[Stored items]
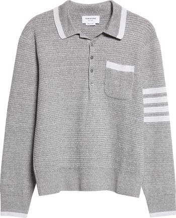 Relaxed 4-Bar Textured Stitch Linen & Cotton Polo Sweater
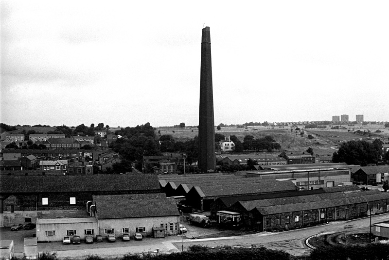 Swabs chimney at Middleton under demolition in 1979. At 343 feet it was reputed to be the tallest brick chimney in Europe.
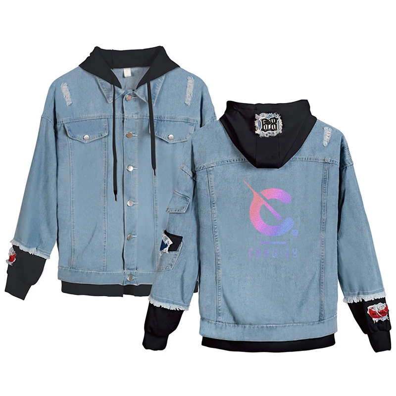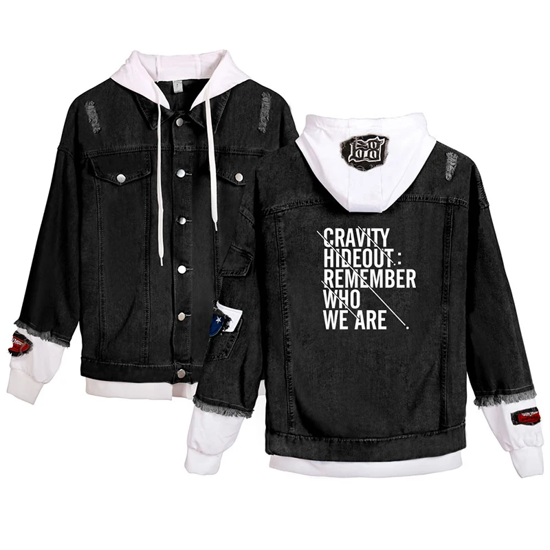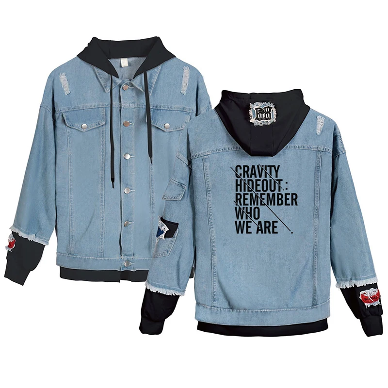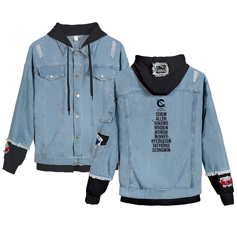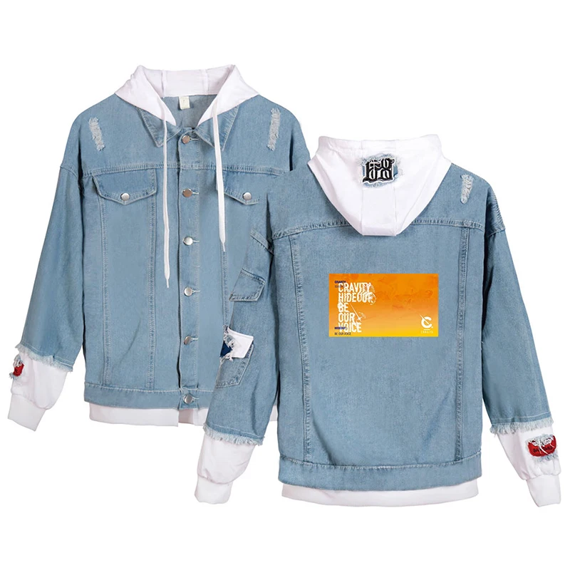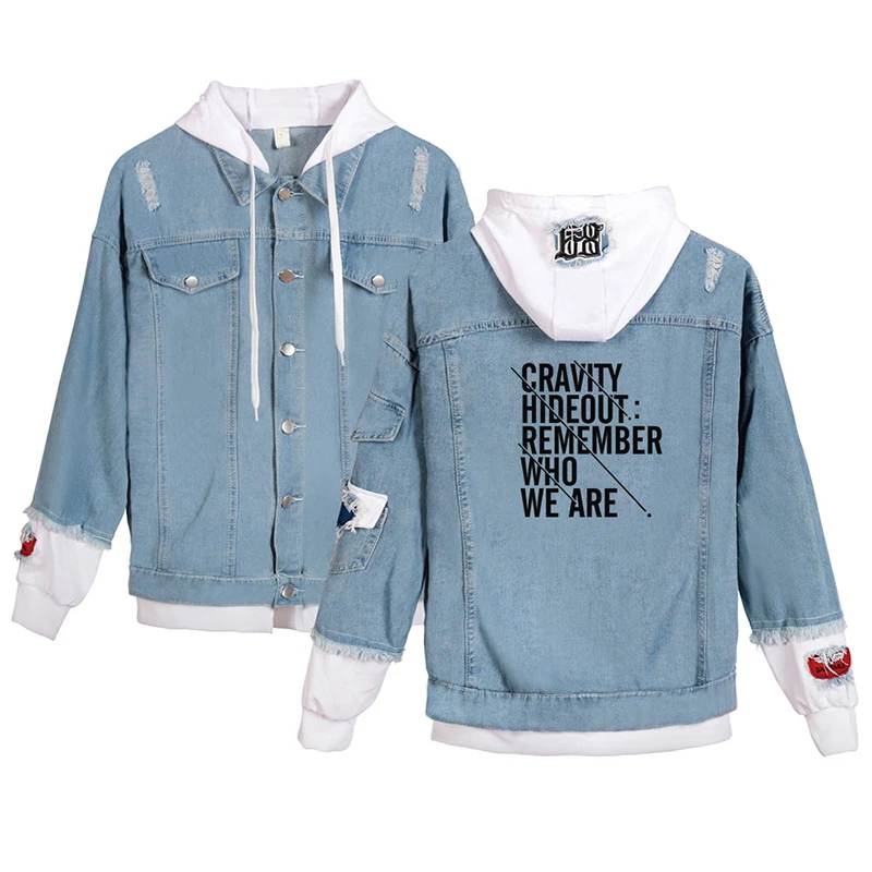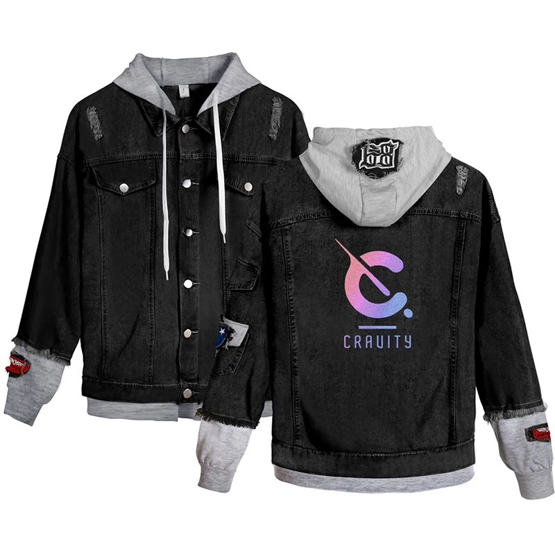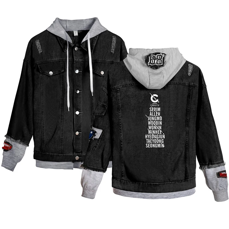 Мужская и женская джинсовая куртка с длинным рукавом CRAVITY Kpop, имитация двух предметов в Корейском стиле, Стильная джинсовая куртка в стиле хип-хоп с капюшоном, уличная одежда
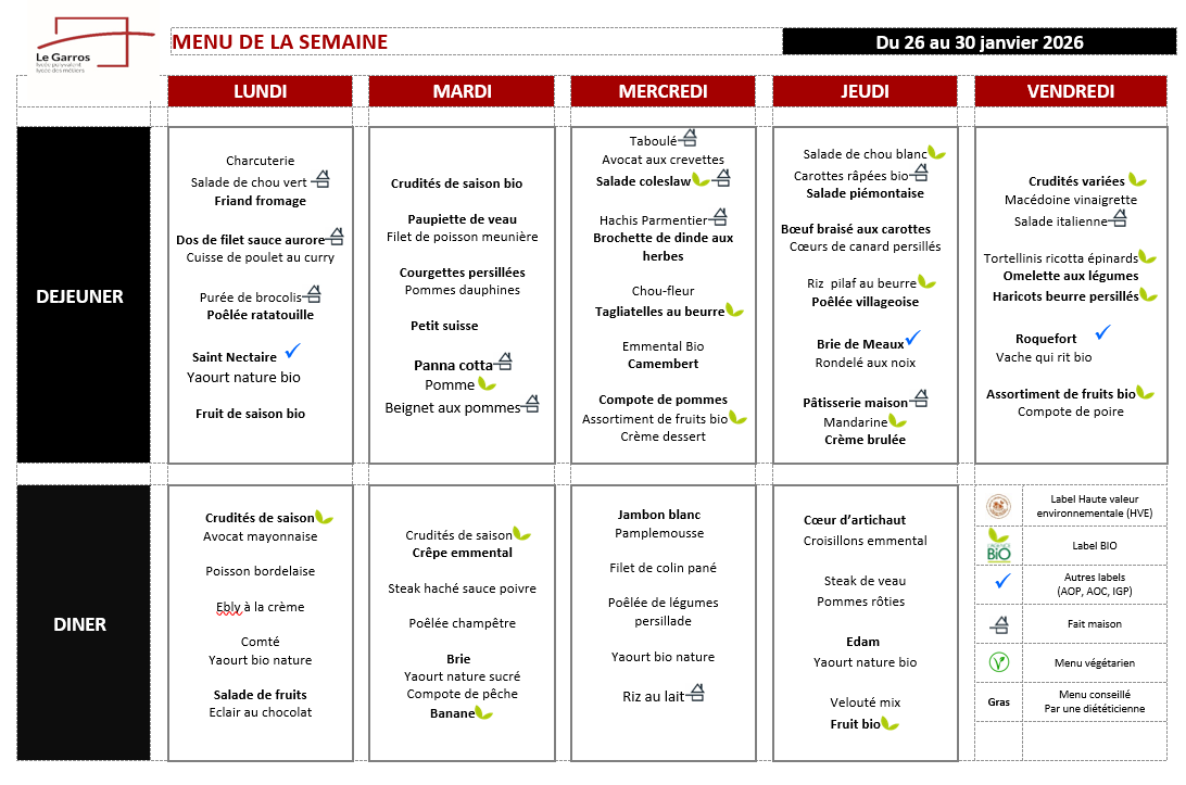 Menu du self du 26 au 30 janvier 2026
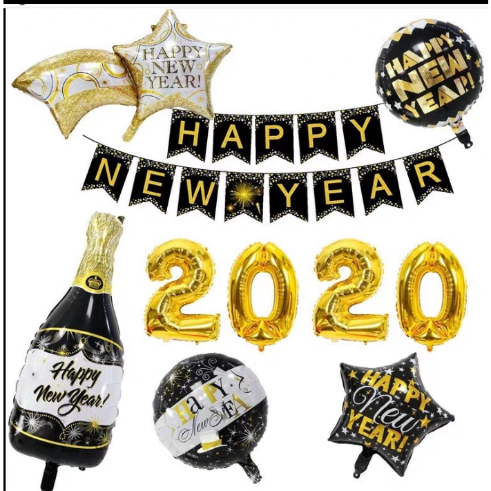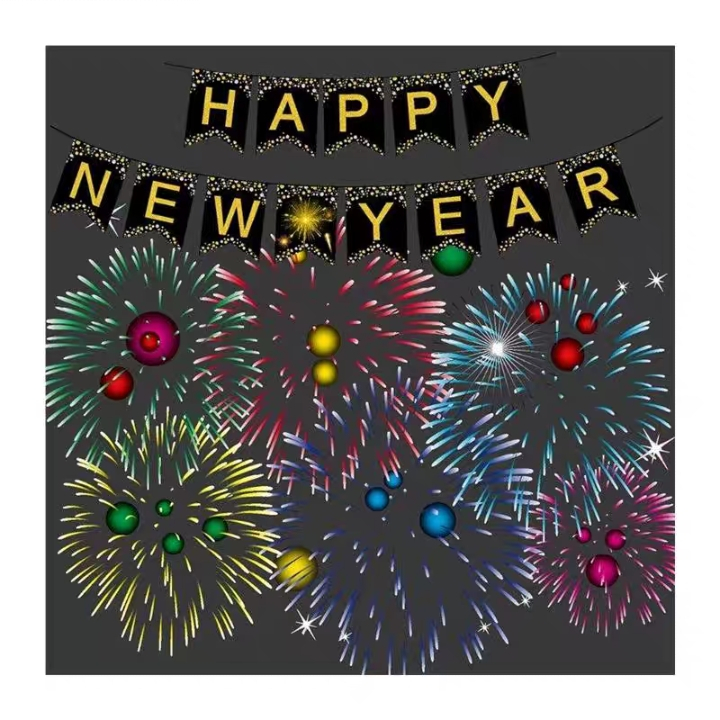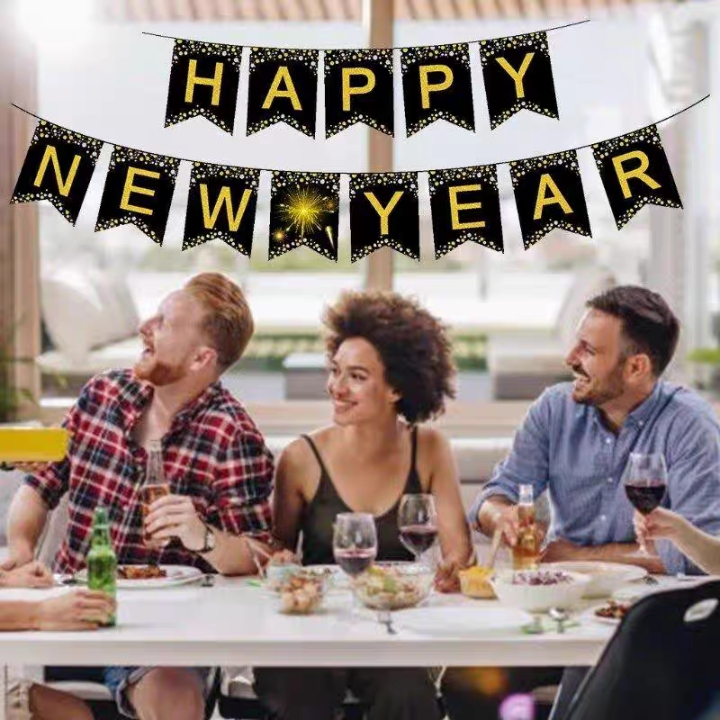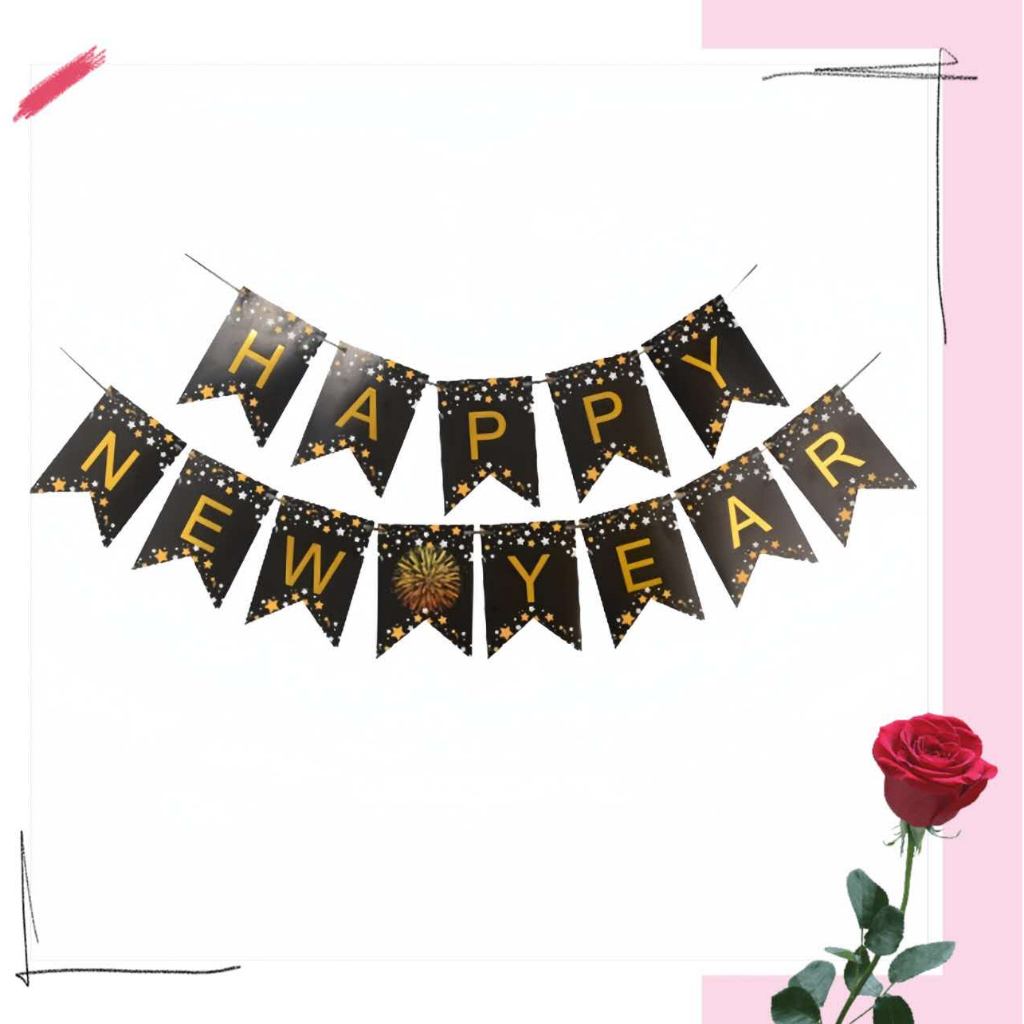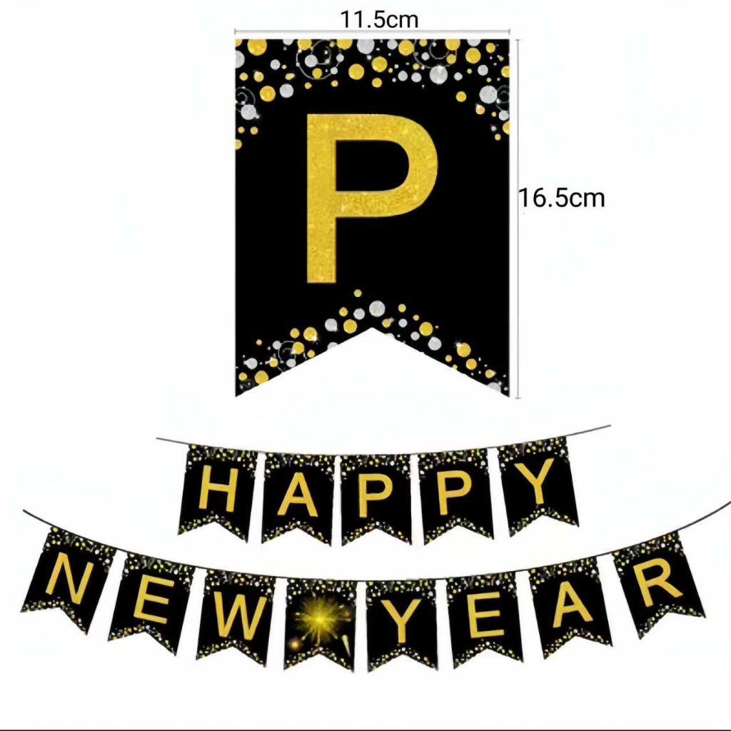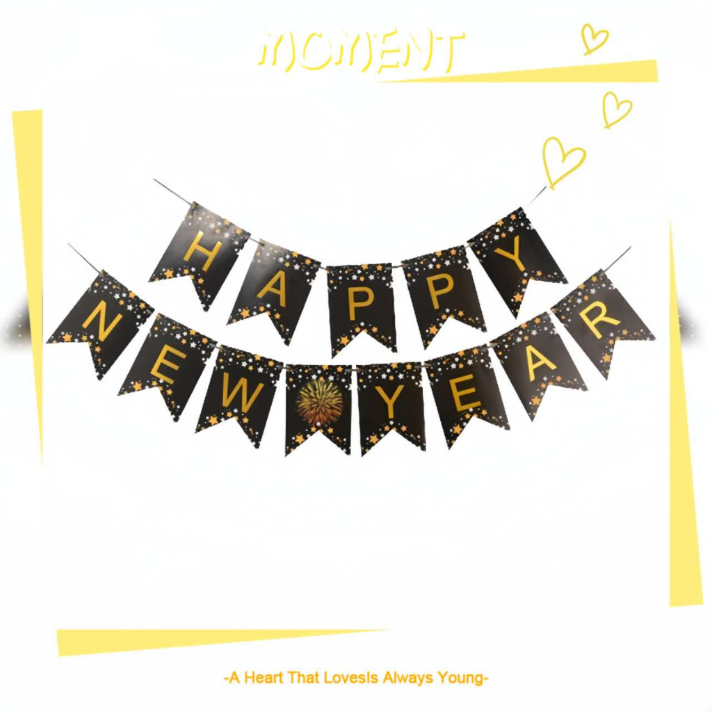 2026 HAPPY NEW YEAR Gold letters Star party decorations cardboard banner set w/string

# [Task item]
Every entry above needs to be copied exactly, and no pictures go with it.

# [Solution for this exercise]
 Relaxed 4-Bar Textured Stitch Linen & Cotton Polo Sweater
 Swabs chimney at Middleton under demolition in 1979. At 343 feet it was reputed to be the tallest brick chimney in Europe.
 Мужская и женская джинсовая куртка с длинным рукавом CRAVITY Kpop, имитация двух предметов в Корейском стиле, Стильная джинсовая куртка в стиле хип-хоп с капюшоном, уличная одежда
 Menu du self du 26 au 30 janvier 2026
 2026 HAPPY NEW YEAR Gold letters Star party decorations cardboard banner set w/string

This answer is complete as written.